Ferrari, Renault and newcomers Honda begin the chase as reigning champion bids to defend its titles.
Andy Cowell, the man credited with Mercedes' 2014 power output advantage in Formula One, believes its opposition has more scope to improve this year – and will inevitably catch up as a result.
Following a dominant 2014, when Mercedes won both the drivers' and constructors' championships aided by a power advantage estimated at 60bhp, in an interview with Germany's Auto Motor und Sport on Thursday Cowell said he expects rivals to gain ground.
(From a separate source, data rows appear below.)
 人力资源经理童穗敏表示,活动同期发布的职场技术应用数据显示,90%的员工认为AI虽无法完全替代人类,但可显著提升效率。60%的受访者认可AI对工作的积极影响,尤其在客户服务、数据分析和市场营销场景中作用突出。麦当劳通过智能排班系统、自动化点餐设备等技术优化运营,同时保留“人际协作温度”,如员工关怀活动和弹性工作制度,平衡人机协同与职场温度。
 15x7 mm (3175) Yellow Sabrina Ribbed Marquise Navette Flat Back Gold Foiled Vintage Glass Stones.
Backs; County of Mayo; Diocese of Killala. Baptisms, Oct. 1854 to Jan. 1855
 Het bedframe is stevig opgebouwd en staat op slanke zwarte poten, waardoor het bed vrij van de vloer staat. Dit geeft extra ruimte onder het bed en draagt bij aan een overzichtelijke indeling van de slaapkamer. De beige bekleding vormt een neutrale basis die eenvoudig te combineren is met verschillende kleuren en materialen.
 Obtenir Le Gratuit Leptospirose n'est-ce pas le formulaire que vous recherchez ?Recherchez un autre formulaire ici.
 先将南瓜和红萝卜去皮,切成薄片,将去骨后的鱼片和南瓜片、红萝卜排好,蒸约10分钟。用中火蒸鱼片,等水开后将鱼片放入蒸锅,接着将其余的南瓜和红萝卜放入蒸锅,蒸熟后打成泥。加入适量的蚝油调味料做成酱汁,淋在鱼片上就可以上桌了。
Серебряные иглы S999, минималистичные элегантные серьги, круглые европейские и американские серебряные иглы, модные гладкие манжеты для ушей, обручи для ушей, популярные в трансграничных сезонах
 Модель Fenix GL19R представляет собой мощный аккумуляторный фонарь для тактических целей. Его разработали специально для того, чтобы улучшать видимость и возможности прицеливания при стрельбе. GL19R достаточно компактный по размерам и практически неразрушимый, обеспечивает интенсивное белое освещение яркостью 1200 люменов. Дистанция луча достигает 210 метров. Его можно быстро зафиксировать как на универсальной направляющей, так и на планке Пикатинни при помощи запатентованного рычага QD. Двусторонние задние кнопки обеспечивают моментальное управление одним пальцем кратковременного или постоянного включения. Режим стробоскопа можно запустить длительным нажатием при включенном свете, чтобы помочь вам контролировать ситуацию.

"The rules of physics and chemistry are the same for us all," said Cowell. "I see no reason why the competition cannot build an engine as good as ours.
"Of course we do not stand still, but the higher you are in your development, the flatter the curve is to improve," he told the German publication.
Rivals working hard
Ferrari set the test pace at Jerez, and its new engine is believed to be a major step forward in terms of its power unit and electrical energy harvesting.
Renault has also worked hard on its structure and engine, but was hampered by an ERS issue at Jerez, while newcomer Honda is struggling with its early installation.
Cowell also said Mercedes' rivals have the advantage of being able to see exactly where the German giant is strong.
"Thanks to GPS measurements, they know the areas they need to look at, so Ferrari and Renault just have to aim higher," he said. "That is their advantage.
"Honda is a bit of an unknown, but we should not underestimate them. We will take a big step forward, but I cannot guarantee that it will be enough to be better than the competition."
1000bhp possible with these engines
Cowell also commented on Bernie Ecclestone's desire for 1,000bhp engines, even though the new turbo V6 era is only a single season old.
"I believe that with the current architecture, we can achieve that (1,000bhp), and produce more sound, if we increase the fuel flow rate," he said.
"However, we should not dilute the concept of energy efficiency. Technology transfer from motorsport to the road industry is important for Formula One. It's why Honda came back."